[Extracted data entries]
++++++++++++++++++++

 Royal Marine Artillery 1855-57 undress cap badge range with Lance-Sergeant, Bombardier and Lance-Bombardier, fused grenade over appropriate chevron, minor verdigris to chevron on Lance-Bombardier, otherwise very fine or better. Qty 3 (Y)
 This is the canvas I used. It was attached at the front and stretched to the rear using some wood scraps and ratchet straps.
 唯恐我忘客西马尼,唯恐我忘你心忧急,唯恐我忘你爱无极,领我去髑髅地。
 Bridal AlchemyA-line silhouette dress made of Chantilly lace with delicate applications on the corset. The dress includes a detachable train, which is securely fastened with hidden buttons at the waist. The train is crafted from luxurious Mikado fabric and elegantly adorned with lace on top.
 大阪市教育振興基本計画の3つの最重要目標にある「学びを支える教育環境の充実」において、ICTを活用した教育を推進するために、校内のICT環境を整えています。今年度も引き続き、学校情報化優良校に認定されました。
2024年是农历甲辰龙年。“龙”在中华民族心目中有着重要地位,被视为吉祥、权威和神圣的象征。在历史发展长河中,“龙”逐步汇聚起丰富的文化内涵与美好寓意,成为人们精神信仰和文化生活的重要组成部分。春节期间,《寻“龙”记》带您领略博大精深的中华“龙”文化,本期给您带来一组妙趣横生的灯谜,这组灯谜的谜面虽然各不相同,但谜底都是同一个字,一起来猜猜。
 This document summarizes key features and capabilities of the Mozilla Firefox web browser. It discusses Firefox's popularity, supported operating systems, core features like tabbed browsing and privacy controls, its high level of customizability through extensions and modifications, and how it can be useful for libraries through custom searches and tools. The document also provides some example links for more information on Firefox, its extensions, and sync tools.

++++++++++++++++++++

### Task statement
Your answer must be the line that contains "唯恐我忘客西马尼,唯恐我忘你心忧急,唯恐我忘你爱无极,领我去髑髅地。" and every line after it to the end of the records, reproduced exactly.

### Answer to this exercise
 唯恐我忘客西马尼,唯恐我忘你心忧急,唯恐我忘你爱无极,领我去髑髅地。
 Bridal AlchemyA-line silhouette dress made of Chantilly lace with delicate applications on the corset. The dress includes a detachable train, which is securely fastened with hidden buttons at the waist. The train is crafted from luxurious Mikado fabric and elegantly adorned with lace on top.
 大阪市教育振興基本計画の3つの最重要目標にある「学びを支える教育環境の充実」において、ICTを活用した教育を推進するために、校内のICT環境を整えています。今年度も引き続き、学校情報化優良校に認定されました。
2024年是农历甲辰龙年。“龙”在中华民族心目中有着重要地位,被视为吉祥、权威和神圣的象征。在历史发展长河中,“龙”逐步汇聚起丰富的文化内涵与美好寓意,成为人们精神信仰和文化生活的重要组成部分。春节期间,《寻“龙”记》带您领略博大精深的中华“龙”文化,本期给您带来一组妙趣横生的灯谜,这组灯谜的谜面虽然各不相同,但谜底都是同一个字,一起来猜猜。
 This document summarizes key features and capabilities of the Mozilla Firefox web browser. It discusses Firefox's popularity, supported operating systems, core features like tabbed browsing and privacy controls, its high level of customizability through extensions and modifications, and how it can be useful for libraries through custom searches and tools. The document also provides some example links for more information on Firefox, its extensions, and sync tools.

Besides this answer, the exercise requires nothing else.